Multiple Myeloma (MM)
Official diagnosis March 29, 2014
Life is so strange. I had my fifty-fifth birthday covered in hives. I’ve never had hives before in my life. I actually never had much in the way of health problems before. No family history of heart disease or diabetes or that kind of thing. I have lived an active life, always connected to the earth and outdoors. Although, I don’t consider myself a purist, I haven’t smoked cigarettes or drank alcohol for 30 years. Kind of expected to easily live to be a centenarian, like many before in my family.
The doctor said there’s nothing much else they could do for the hives and that they usually go away on their own, as quickly as they appeared, they will also disappear. However, the hives got worse, way worse and the anti-histamines were making me vomit. There came a day when I couldn’t get up to go to work and so I went to the hospital instead.
I was very dehydrated and initial blood work showed problems with my kidneys. It took several days, several specialists, lots of blood work (good thing I’m not squeamish) and many tests, including a kidney biopsy and a bone marrow biopsy (now that, was painful), to confirm that I had developed Multiple Myeloma (MM). The hives were a symptom of my body rejecting my own cancer ridden blood.
As a result, my kidneys were down to 16% functionality, so at this time they are focusing on getting my kidneys to recover. The good news is that the damage doesn’t appear to be long term, so they have good prospects of stabilizing them before they begin the harsher cancer treatments, which is planned for over the next 12 months or so.
Also on the good news front, I had a CT Scan and specialist can find no damage/lesions to my bone structure so far. No results yet on how aggressive the cancer is spreading in the bone marrow though. Regardless, the specialist assures me they like to think they can control the disease, even though it cannot be eradicated, so I will be living with it hovering in the background for the rest of my life.
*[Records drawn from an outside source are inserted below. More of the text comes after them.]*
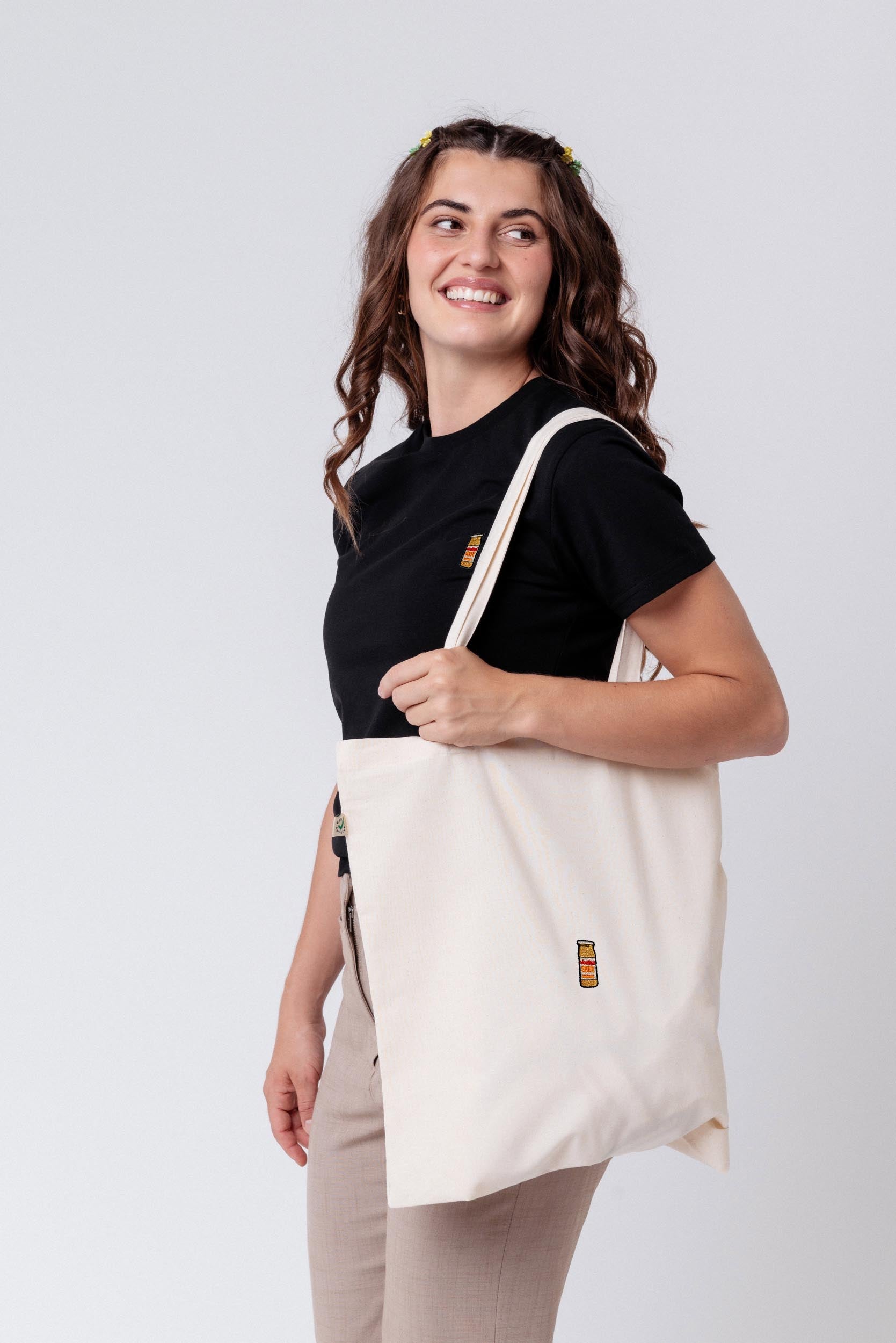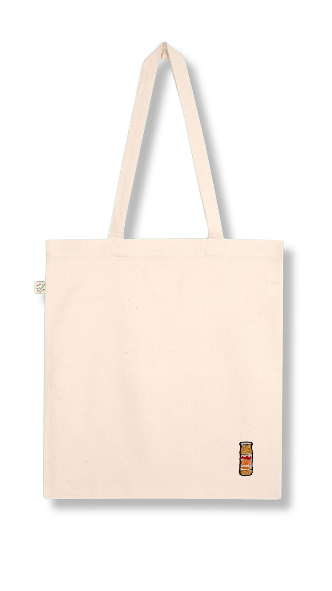 Bestickte, fair produzierte Bio-Baumwoll-Tragetasche im offiziellen Voelkel Ingwer Shot Design.
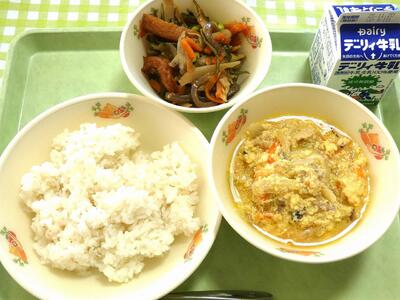 今日の給食のメニューは、麦ごはん、牛乳、親子丼、茎わかめの炒め物でした。
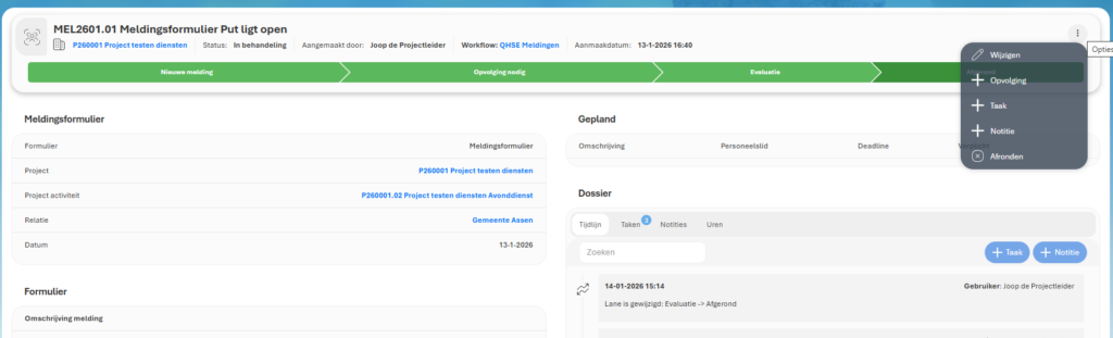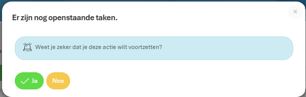 De verplichte taak is nu afgerond en de QHSE manager zet het formulier een status verder. Je krijgt nu de melding dat er nog openstaande taken zijn, maar deze kun je negeren.

Well, at least, the hives are gone now. I was discharged from hospital as an out patient attached to the cancer clinic. So am home again and online (no internet at the hospital). Go back to the clinic Monday for another chemo treatment. I will go to the clinic a minimum of 2 to 3 x week, scheduled for the next 3 months, plus meet with kidney specialists. Eventually, I will be having stem cell transplants.
Doctor says it’s unlikely I will be able to do much if any work over the next 12 months at least, so I am also connecting with a hospital social worker to try figure out how to pay for living expenses in the meantime. In the process of applying through 3 different government agencies, what a nightmare…
Not surprisingly, I had never heard of MM before. But apparently there is no rhyme or reason to where it shows up or who gets it. A totally random disease of the blood and bone marrow. For someone like me that’s just crazy in the making. What? How? Huh? Whyyyyy???